Nie zagram od początku - rozmowa z Marcinem Mięcielem, piłkarzem Legii Warszawa

Trener Jan Urban w szerokiej kadrze zespołu ma pięciu zawodników, którzy mogą grać w ataku Legii. Tak naprawdę to aż tak różowo nie jest. Takesure Chinyama i Bartłomiej Grzelak są kontuzjowani, Adrian Paluchowski mało doświadczony, Sebastian Szałachowski podatny na kontuzje, a Marcin Mięciel jeszcze nie w pełni przygotowany fizycznie do gry.

Marcin Frączak: Tuż przed meczem z Legią w drugiej rundzie eliminacji do Ligi Europejskiej zespół z Gruzji wzmocnił się pięcioma Brazylijczykami. Jest się czego obawiać?

Marcin Mięciel: - Wszystko sprowadza się do tego jacy są to Brazylijczycy. Kiedyś w Pogoni Szczecin byli niemal sami Brazylijczycy, ale jak wszyscy pamiętamy większość z nich w piłkę grać nie potrafiła. Na pewno gdy o tym usłyszeliśmy, poczuliśmy większy respekt. Tym bardziej, że w dzisiejszych czasach nie ma słabych przeciwników. Jak się meczu nie wybiega, jak się nie wywalczy, to się nie wygra.

Jak panu się wydaje, czy Gruzini w meczu z Legią postawią na defensywę?

- Wydaje mi się, że będą nieco cofnięci. Prawdopodobnie nastawią się na grę z kontry. Aczkolwiek my nie możemy patrzeć na to co oni zrobią. Musimy grać swoją piłkę.

Na ostatnich treningach Legia poświęciła sporo czasu na doskonalenie fragmentów gry. Tak się akurat składa, że zespół Olimpi w pierwszej rundzie eliminacji do Ligi Europejskiej, w meczu przeciwko drużynie B 36 zdobywał gole po stałych fragmentach gry.

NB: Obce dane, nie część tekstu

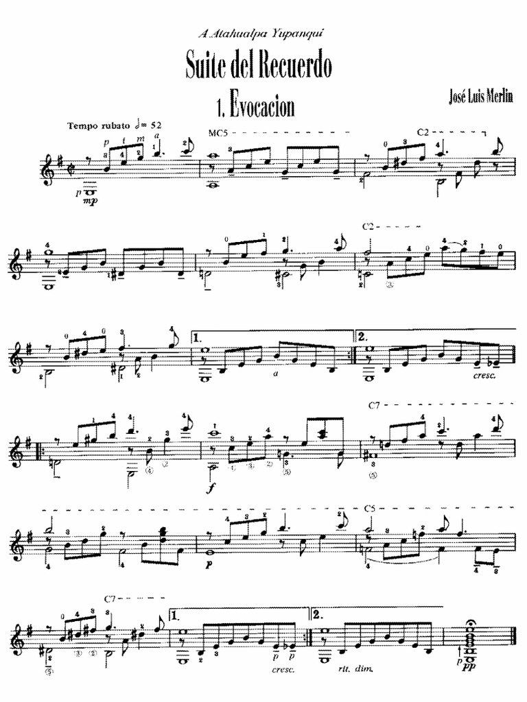 Evocación is the first movement of the suite del recuerdo by josé luis merlin, a contemporary argentine composer and guitarist. With an extraordinary career spanning more than 50 years, guitarist, composer, arranger, teacher and creative visionary josé luis merlin. Share, download and print free sheet music for piano, guitar, flute and more with the world's largest community of sheet music.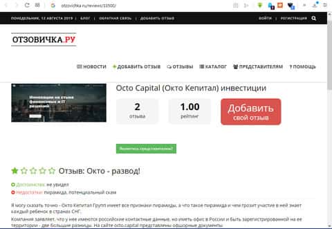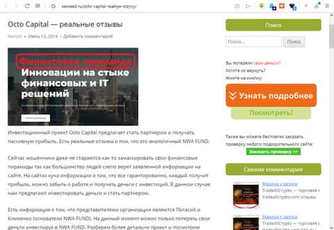 Полный обзор работы с финансовой пирамидой - мошеннической конторой ОКТО КапиталИнформация об ОКТО Капитал на сайте сеосид ру

Czy właśnie tego najbardziej Legia obawia się ze strony Gruzinów?

- Powiem szczerze, że nie wiem tak do końca czego się spodziewać po Gruzinach, bo trener Jacek Magiera jeszcze będzie nam przekazywał wskazówki dotyczące ich gry. Z własnego doświadczenia wiem, że wiele spotkań rozstrzyga się po stałych fragmentach gry, więc trzeba w tych sytuacjach szczególnie uważać. Nawet teoretycznie słabsze zespoły mogą mieć opracowane jakieś ciekawe schematy, mogą czymś zaskoczyć.

Transmisji z meczu Legia - Olimpi nie przeprowadzi żadna telewizja. To dla piłkarzy Legii duże rozczarowanie?

- Może nie tyle dla nas co dla kibiców. Wydaje mi się, że każdy polski zespół, który gra w europejskich pucharach powinien być pokazywany w telewizji niezależnie od tego, która to jest faza rozgrywek.

Ostatni trening miał być luźniejszy, ale czasami dochodziło nawet do bardziej ostrych starć, jak choćby między Jakubem Rzeźniczakiem, a Jakubem Wawrzyniakiem!

- Ja akurat tego starcia nie widziałem, ale jeśli tak było, to tylko pokazuje, że nikt nie odpuszcza. Rywalizacja na treningach jest duża, bo każdy chce grać. Mamy szeroką kadrę, o miejsce w składzie walczy duża ilość zawodników, co na pewno zaprocentuje w przyszłości.

Z pana przygotowaniem fizyczny podobno nie jest jeszcze wszystko jak należy. Liczy pan na grę w spotkaniu z Olimpi? Kiedy może się pan pojawić na boisku?

- Jestem na innym etapie przygotowań niż duża część zawodników Legii. Już teraz mogę powiedzieć, że na pewno nie zagram od początku. Trener postawi na innych zawodników, a ja usiądę na ławce. Jeśli wejdę to dopiero w drugiej połowie.